Empirical Evaluation: Efficiency and Specialization
UniPool is benchmarked across five LLaMA-style scales (182M, 469M, 650M, 830M, 978M) trained on 30B tokens. UniPool consistently outperforms vanilla MoE and dense baselines in validation loss and perplexity at all scales, with loss reductions up to 0.0386. Notably, sublinear expert scaling is achieved: reduced-pool UniPool variants with only 41.6%–66.7% of vanilla MoE’s expert parameter budget match or surpass layer-wise MoE results, directly contradicting the necessity of linear expert scaling.

Figure 2: (a) Parametric efficiency sweep: UniPool surpasses vanilla MoE at highly reduced expert budgets; (b) Granularity sweep: performance gains compose with finer-grained expert decomposition.
The efficiency sweep demonstrates that UniPool’s architectural decoupling enables smaller expert pools to deliver superior performance, validating the budgeting hypothesis and highlighting architectural overprovisioning in conventional designs. The granularity sweep confirms performance improvements with increasing expert count and routing granularity, consistent with established MoE scaling laws.
Specialization and Routing Sensitivity
Routing-randomization sensitivity experiments reveal that, while vanilla MoE exhibits low sensitivity (∼1.3 points drop) due to high intra-layer redundancy, UniPool’s routers induce significantly more load-bearing specialization (error drop increases to $4.1$ points).

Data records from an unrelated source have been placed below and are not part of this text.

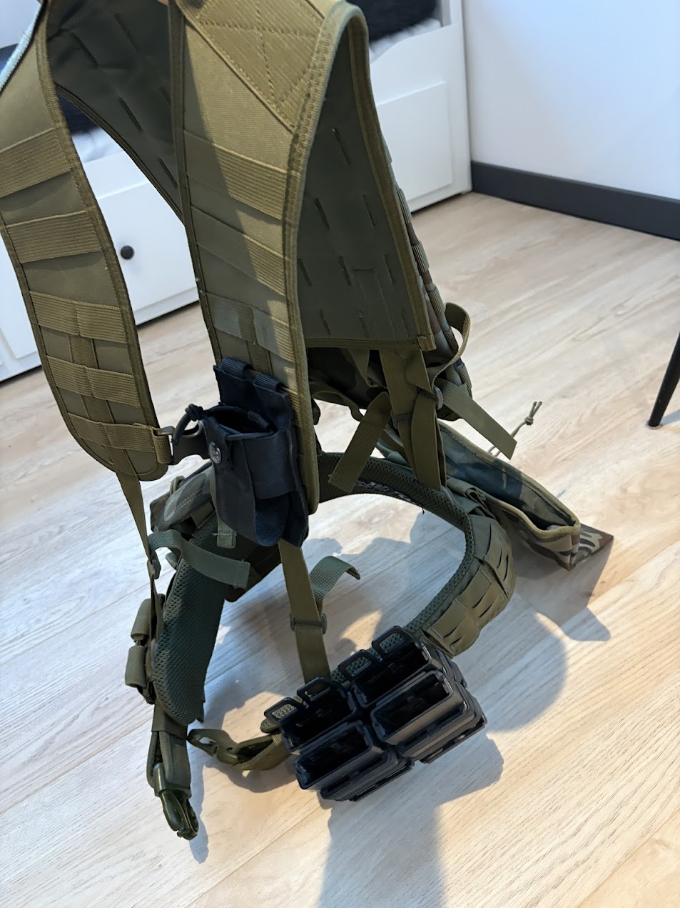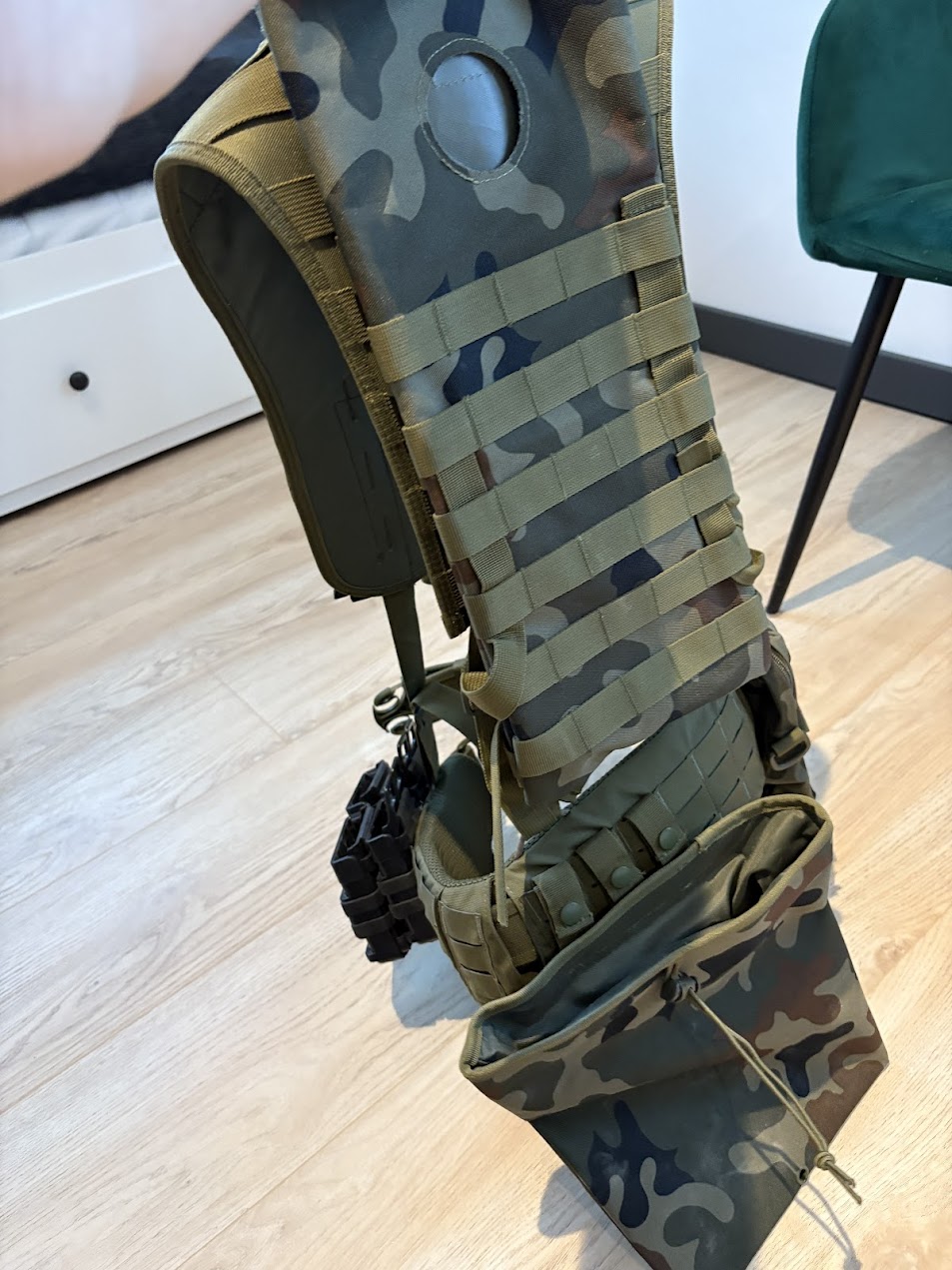 W skład zestawu wchodzi: Pas Modułowy Helikon Competition Modular Belt Sleeve - Olive Green - Rozmiar : M Pas Taktyczny Zewnetrzny Helikon Defender Security Belt - Olive Green - Rozmiar : L/XL oraz szelki Szelki oporządzeniowe - Zielone Ładownica cargo z kieszonką - wz.93 pantera leśna Podwójna ładownica pistoletowa - wz.93 Pantera leśna Torba zrzutowa na magazynki - wz.93 Pantera leśna Pokrowiec z wkładem hydracyjnym - wz.93 Całość w nowości wyniesie ok 600 PLN, zestaw brał udział w jednej strzelance. Odkąd mam dzieciaki sprzęt leży, sprzedaję z bólem serca.
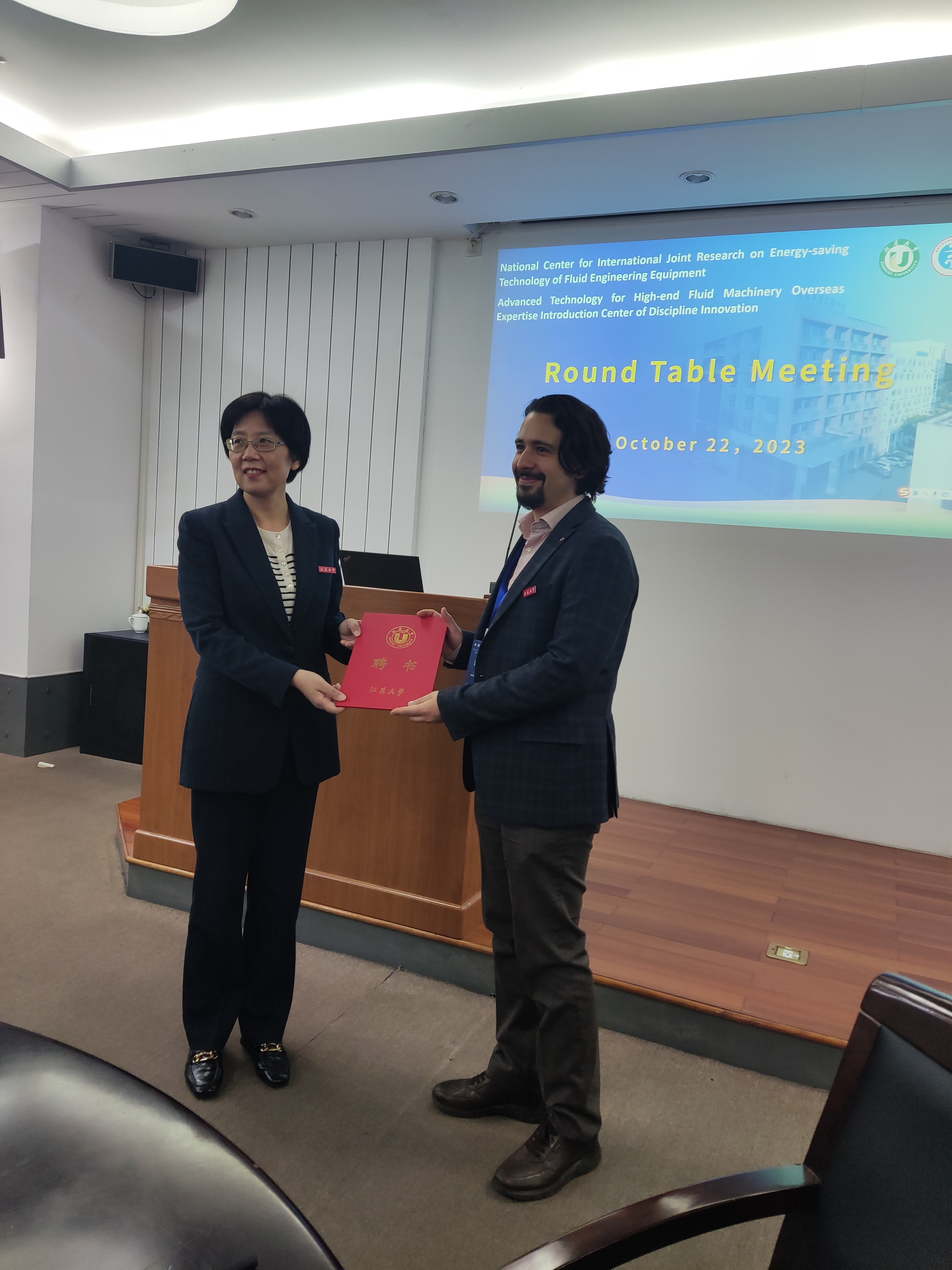 首先,李红致欢迎词,她真挚欢迎各位专家百忙中莅临本次会议,衷心感谢各位专家长期以来对52AV 国家水泵及系统工程技术研究中心及国际合作平台建设的关心和支持,希望大家为工程中心的发展继续出谋划策,对学科和行业发展提出好的建议。随后举行客座教授受聘仪式,李红代表学校为七位新聘客座教授颁发聘书并合影留念。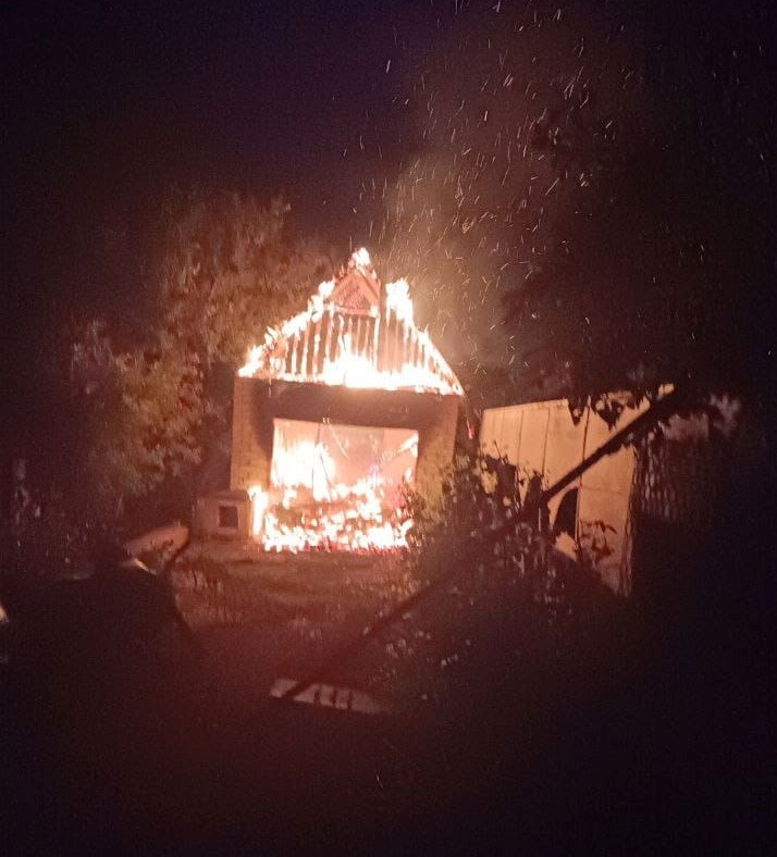 Місцеві жителі частково змогли ліквідувати пожежу, яка сталася під час обстрілів.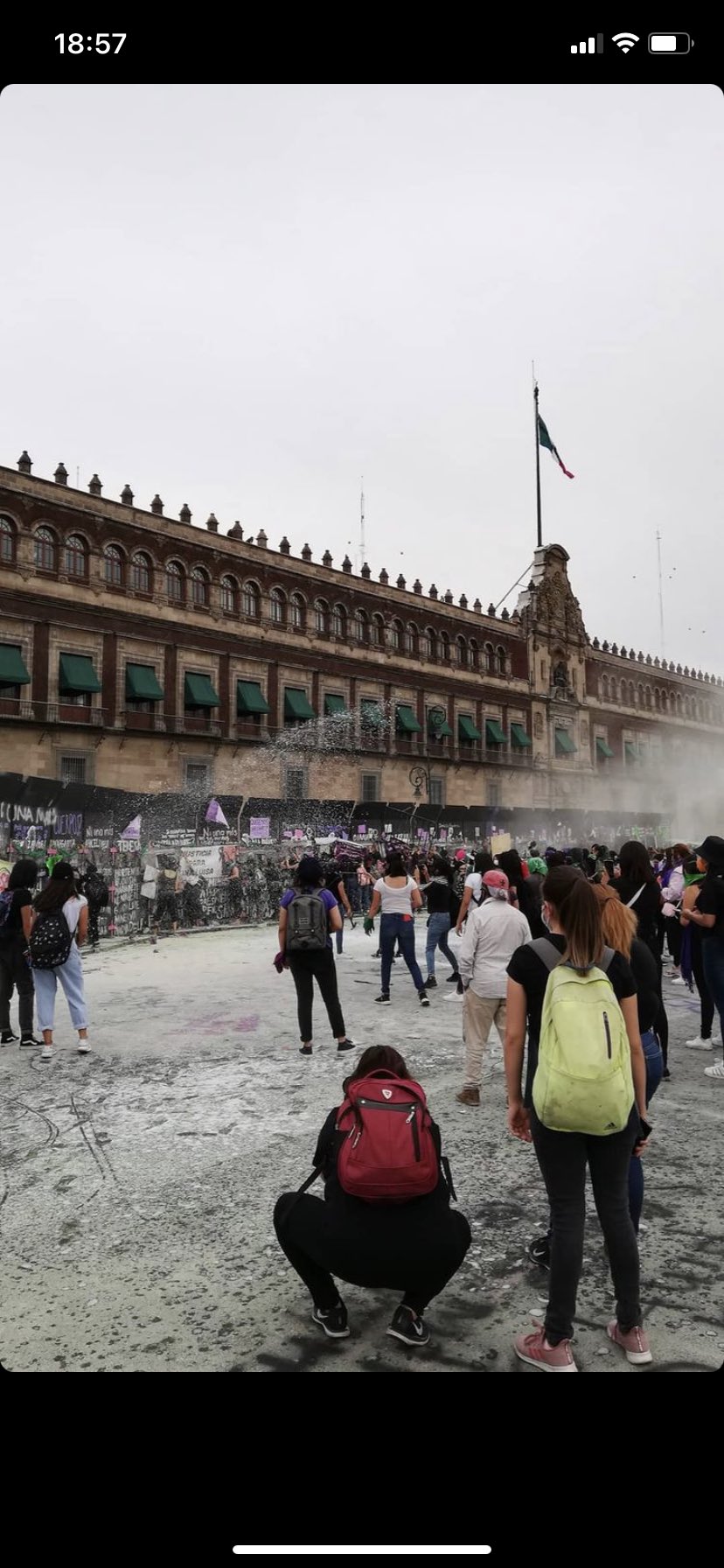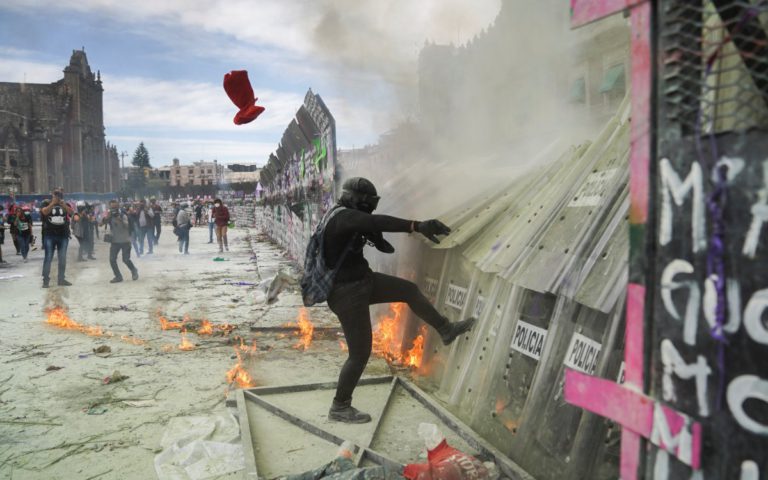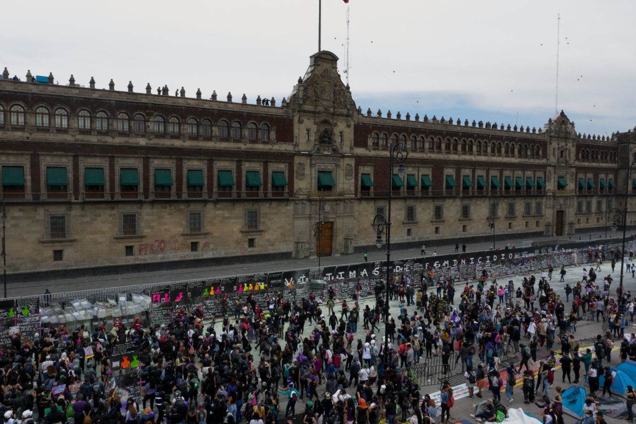 A través de redes sociales la dependencia capitalina informó que las manifestantes se encontraban en la Plaza de la Constitución, donde derribaron vallas metálicas que protegían el Palacio Nacional.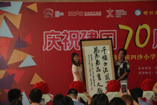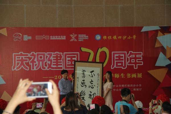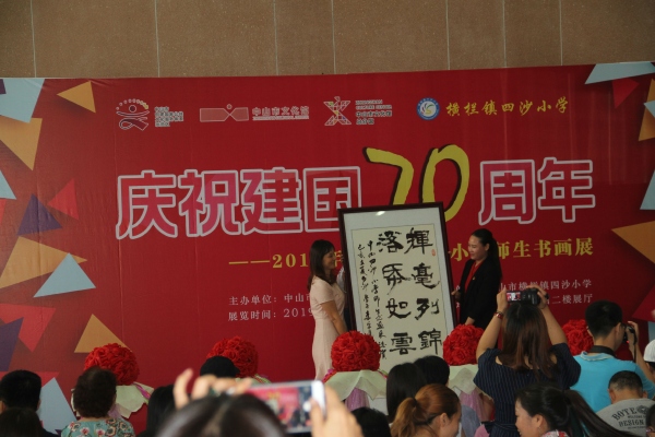 兩位領(lǐng)導(dǎo)的講話為書畫展的開幕增色添香。接著,舉行了書畫贈(zèng)送儀式。在熱烈的掌聲中,“書壇新秀,畫藝蓓蕾”、“不忘初心,德藝雙馨”、“千幅書畫園丁贊,萬卷畫品育人歌”和“揮毫列錦繡,落紙如云煙”等四幅書法精品分別被贈(zèng)予中山市文化館和四沙小學(xué)。緊接著各級(jí)領(lǐng)導(dǎo)上臺(tái)進(jìn)行了剪彩。在熱情奔放的音樂聲和熱烈的掌聲中,禮花綻放——四沙小學(xué)慶祝建國(guó)70周年師生書畫展正式開幕!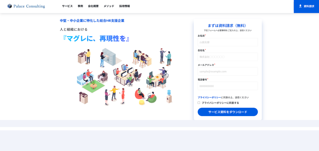株式会社Palace Consultingは、中小企業・地方企業・労働集約型ビジネスに特化した採用・組織コンサルティング支援を行う企業です。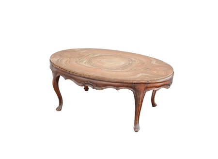 Tavolo da salotto ovale con piano lastronato in alabastro. Gambe e fascia in legno sagomato ed intagliato (cm 120x48x74)(difetti)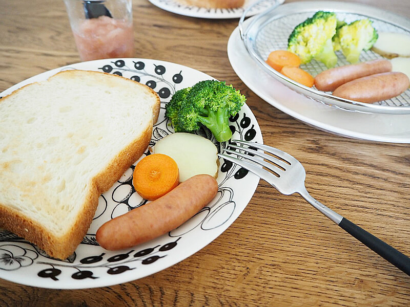 簡単に温野菜が摂れる朝ごはんが、10分ほどで完成しました。

This validates the claim that shared pool training breaks substitutability and fosters genuinely distinct expert specialization, as layer-wise competition accrues gradient signals and sharp specialization emerges.
Ablation and Component Analysis
Ablation studies confirm the criticality of matched co-design: naive shared pool with per-layer auxiliary loss fails, while pool-level balancing and NormRouter unlock the performance gains. Intermediate sharing scopes interpolate between vanilla MoE and full UniPool, showing monotonic improvements with increased sharing. Training dynamics substantiate that the UniPool gap persists throughout optimization trajectories.

Figure 3: Expert utilization: per-layer auxiliary loss yields global expert collapse; UniPool with pool-level balancing achieves robust utilization across the entire pool while maintaining layer-wise specialization.
Practical and Theoretical Implications
UniPool’s design recasts MoE expert allocation as a flexible global budget, freeing architectural scaling from rigid depth dependence and enabling efficient parameter utilization. This paradigm unlocks new scaling axes for LLMs, offering practical reductions in memory footprint and parameter count for equivalent or superior model quality, and empowering deeper models with reusable, specialized expert computations. The theoretical implication is a shift from post-hoc MoE compression toward proactive cross-layer parameter sharing and specialization, yielding models that are leaner, more robust, and inherently adaptable.
The reduced pool size—tied to dynamic utilization and controlled by explicit scaling hyperparameters—paves the way for future billion-scale models with sublinear expert growth and compositional specialization. This architectural innovation opens avenues for improved throughput, expert-parallel computation, and downstream transferability, contingent on further evaluation at trillion-parameter and extended training regimes.
Conclusion
UniPool establishes a globally shared expert pool architecture for MoE transformers, leveraging pool-level balancing and scale-stable routing to robustly outperform layer-wise MoE baselines with significantly fewer expert parameters. By decoupling expert growth from depth, UniPool lays a foundation for more efficient, scalable, and specialized LLMs, driving theoretical advances in architectural design and practical reductions in model complexity.